Published:Journal of Chromatographic Science,
ISSN 0021-9665 Volume
47, Number 1, January 2009, pp. 3-11
Development of a U.S. EPA Drinking Water Method
for the Analysis of Selected Perfluoroalkyl Acids by Solid-Phase
Extraction and LC–MS–MS
Jody A. Shoemaker1, Brenda Boutin2,
and Paul Grimmett1 1U.S. Environmental Protection Agency, Office of Research and
Development, National Exposure Research Laboratory, MS 564, 26
W. Martin Luther King Drive, Cincinnati, OH 45268 and 2National
Council on Aging, c/o U.S. Environmental Protection Agency, Office
of Research and Development, National Exposure Research Laboratory,
MS 564, 26 W. Martin Luther King Dr, Cincinnati, OH 45268
A drinking water method for perfluoroalkyl acids
(PFAAs) is presented that addresses the occurrence monitoring
needs of the U.S. Environmental Protection Agency (EPA) for a
future unregulated contaminant monitoring regulation (UCMR).
This paper describes the challenges associated with developing
an analytical method for 14 PFAAs that will be used for drinking
water occurrence monitoring. The method employs solid-phase extraction
with analysis by liquid chromatography–tandem mass spectrometry
(LC–MS–MS).
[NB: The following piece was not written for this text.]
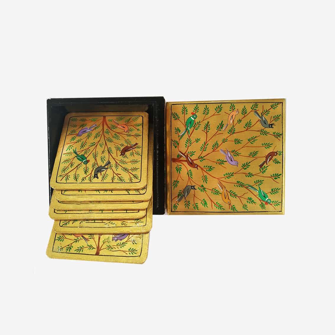 Tree Of Life Square Paper Mache Coaster Set (Assorted)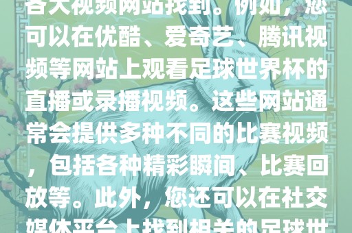 可以在各大视频网站观看足球世界杯的直播或录播视频,如优酷、爱奇艺、腾讯视频等。这些网站提供多种比赛视频,包括精彩瞬间和比赛回放等。社交媒体平台上也有相关视频分享。摘要字数控制在100-200字左右。

The final method preservation scheme
requires that samples be stored in polypropylene bottles and
that they be buffered and free chlorine removed with Trizma buffer.
Mean recoveries of chlorinated surface water samples fortified
with the PFAAs at 40–100 ng/L (except for the perfluorooctane-sulfonamido–acetic
acids at 200 ng/L) are 85–112% with < 5% relative standard
deviation. Single laboratory minimum reporting limits of 2.9–14
ng/L are demonstrated with this methodology. The final method
meets all of the EPA UCMR survey requirements for sample collection
and storage, precision, accuracy, and sensitivity and is expected
to be proposed for use under a future UCMR.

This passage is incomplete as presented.